Unfortunately there were a few casualties of the heart that left the enemy a victim to possible self-produced wars; and for those fallen soldiers we will leave flowers at the grave of hearts.
Nevertheless with my art of war researched and reviewed, this march of soldiers seems somewhat different and the vagueness and mystery is definitely new to my radar. I am unequipped to track, motivate, calculate or decipher the next move. There are no chess pieces or board to direct this play. Instead each play resembles the moves from a child’s Twister game played by an able and limber opponent, with no real victory in sight for either side.
Has my armed forces rebelled from their initial mission of forging peace and calm; and instead focusing their resources to wage unnecessary wars?
How else would you translate my inability at this moment to accept and calmly acquire emotional gifts and unification treaties of neighboring sources? There has been no indication of foul play. There has been nothing but straight up honesty and limited foreign relations. Yet the idea of emotionally signing a treaty, even one of friendship, scares me. Can it really be that simple? That even though the treaty represents everything that I require (80/20) and deserve, my main issue is that of signing first (falling first)?

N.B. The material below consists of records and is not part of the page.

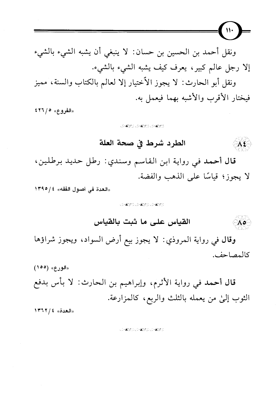 ونقل أحمد بن الحسين بن حسان: لا ينبغي أن يشبه الشيء بالشيء إلا رجل عالم كبير، يعرف كيف يشبه الشيء بالشيء.
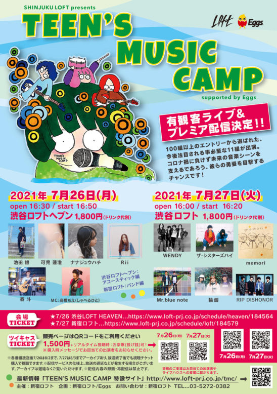 SHINJUKU LOFT presents 「TEEN’S MUSIC CAMP 」supported by Eggs
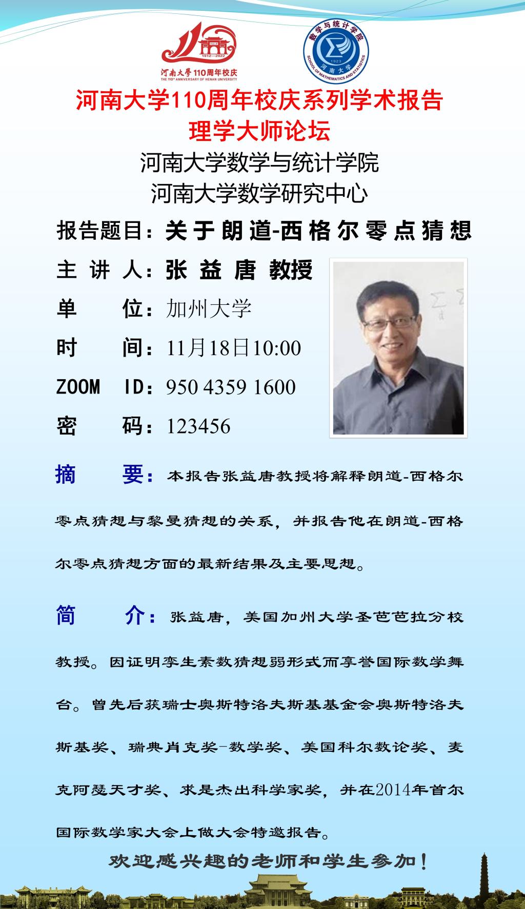 张益唐:关于朗道-西格尔零点猜想(时间:11.18)
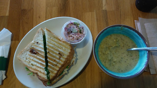 Really enjoy the food here... Lots of interesting options. The peach panini is very good. Be aware that during peak times service can run slow. Only other downside is that drink options are only a limited selection of bottles and cans.
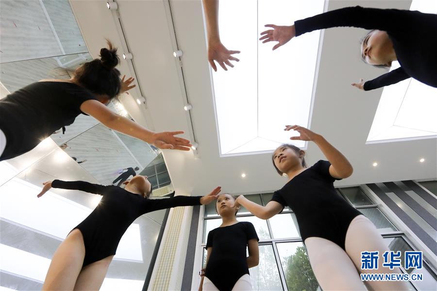 9月23日,石箐宸(右二)与同学们一起进行动作训练。 今年9月,贵阳市向阳实验小学与培训机构合作,推出艺术体操进校园活动。目前,该校艺术体操队已有7名队员,一周进行三次训练,队员们在挥洒汗水间享受体操带来的乐趣。 新华社记者欧东衢摄
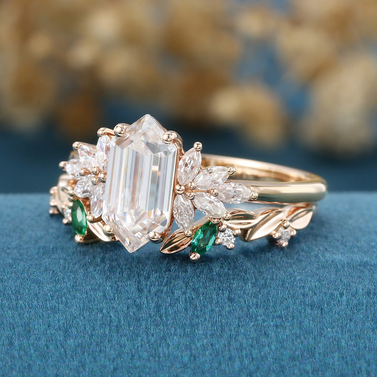 1.0Carat Hexagon Moissanite Matching Diamonds | Lab Grown Emerald Rose Gold Wedding Bridal Set
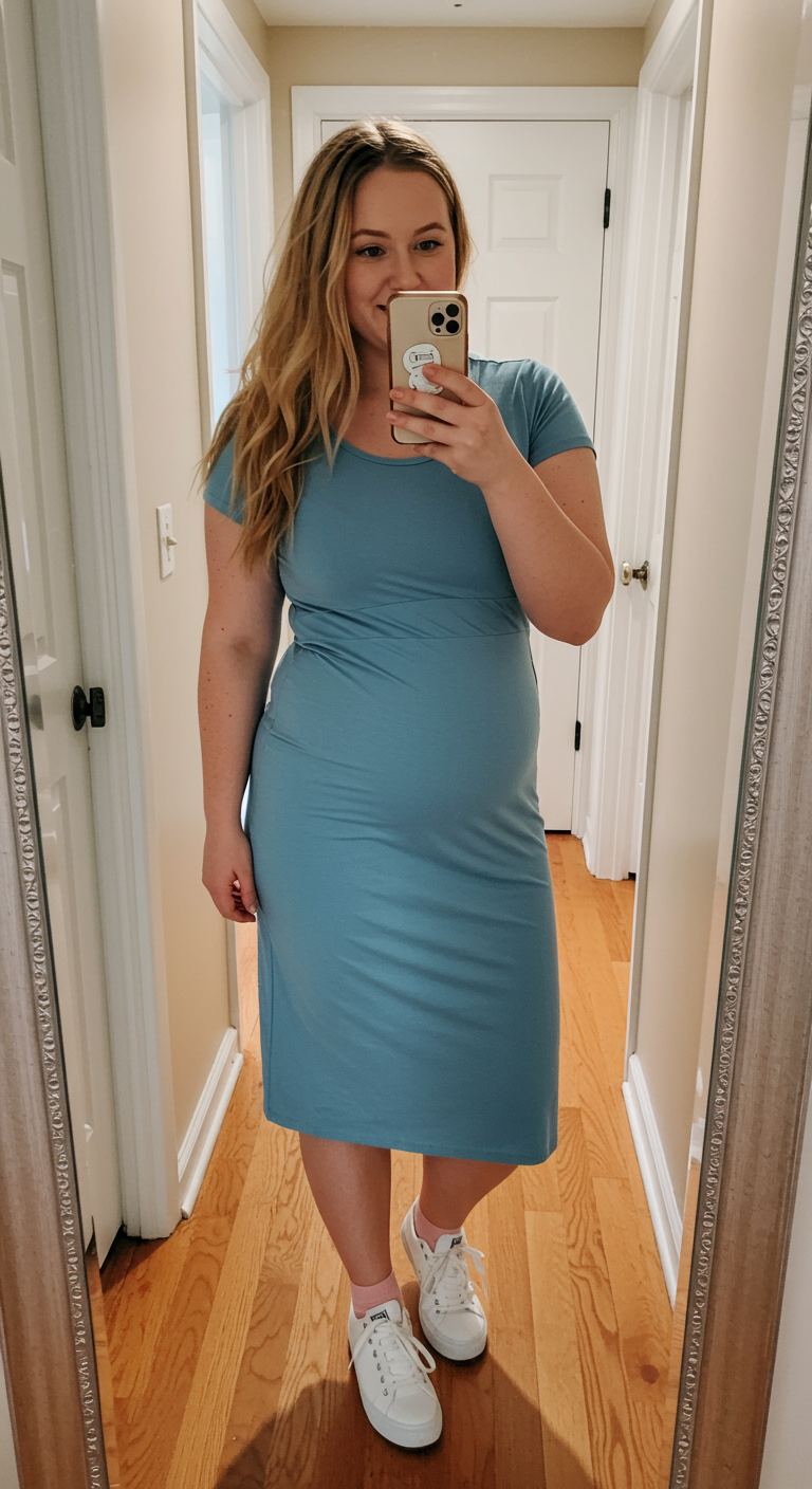 The soft, stretch jersey fabric of this aqua midi dress offers a smooth silhouette and exceptional comfort, making it a versatile choice for everyday wear. Its gentle scoop neck and short sleeves provide a relaxed yet put-together feel, suitable for various casual settings. This dress, paired with classic white sneakers and playful pink socks, creates an accessible and cheerful aesthetic that works well for apple or pear body types seeking comfortable style. Ideal for running errands, casual lunches, or relaxed weekend outings.
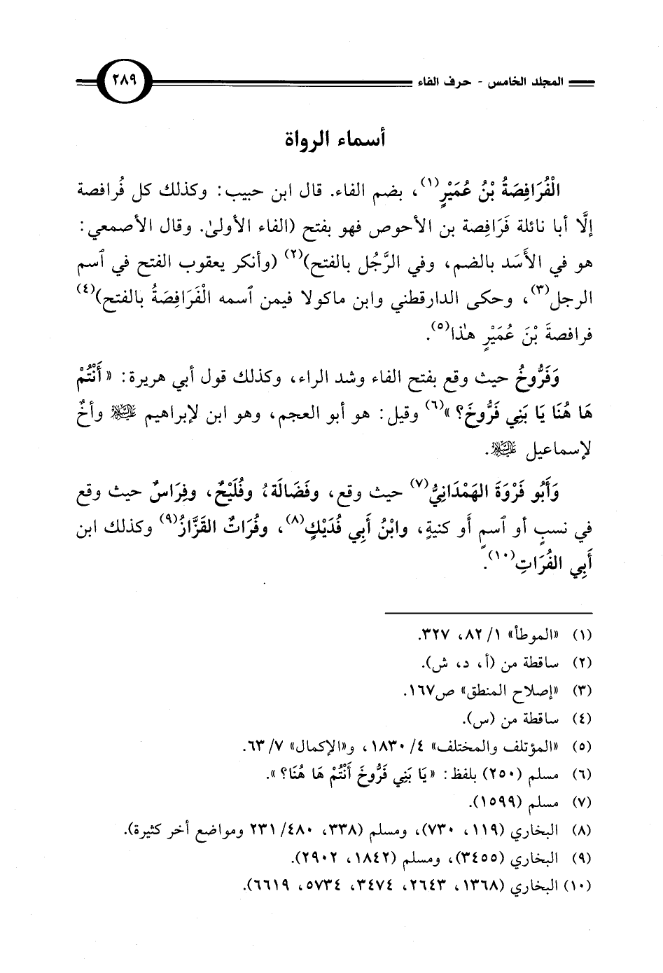 وَأَبُو فَرْوَةَ الهَمْدَانِيُّ (¬7) حيث وقع، وفَضَالَةُ، وفُلَيْحٌ، وفِرَاسٌ حيث وقع في نسبٍ أو اسمٍ أَو كنيةٍ، وابْنُ أَبِي فُدَيْكٍ (¬8)، وفُرَاتٌ القَزَّازُ (¬9) وكذلك ابن أَبِي الفُرَاتِ (¬10).
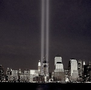 And that’s all. I ask my children if they remember that day. They don’t, but we watch the documentaries together every September 11th, gathered together in the family bed, so that they understand that this moment in history touched all of our lives. Look, Daddy works right there, look, Mommy used to live down that street. Last night, I took them outside to see the beam of light.
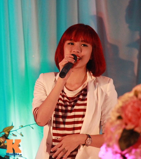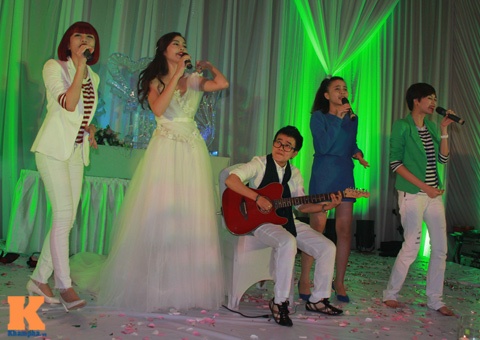 | Thiều Bảo Trâm biểu diễn chúc mừng đám cưới của chị gái Thiều Anh Đào. |
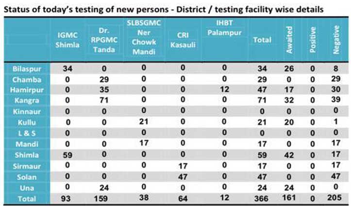 आज कोरोना जांच के लिए 366 सैंपल लिए गए हैं। इसमें 205 अभी तक नेगेटिव रहे हैं।

Have my previous battles scarred my vision that I no longer can spot the difference between friend and foe? Or am I just so afraid of another attack that I self-detonate even before the battle cry?
This time the battle may not be external but within myself.
Military Notes (for an Internal battle):
- You don’t always have to protect yourself. You don’t always have to shield yourself. There is still good in the world
- You deserve to be liked/loved
- You deserve affection
- You deserve romance
- You can be liked/loved
- You can like/love someone
- No one is perfect and you don’t have to wait for perfection (80/20 would be nice)
- You are not meant to be perfect, accept your imperfections
- Shit is gonna happen in some way or form, might as well enjoy the moments without it and not project into it.
When faced with the unknown, let go of the need to control and protect. You cannot predict nor dictate what the future holds, good or bad. Not everything or everyone will be a perfect fit. But if you keep blocking, running or deflecting, your only enemy will be you.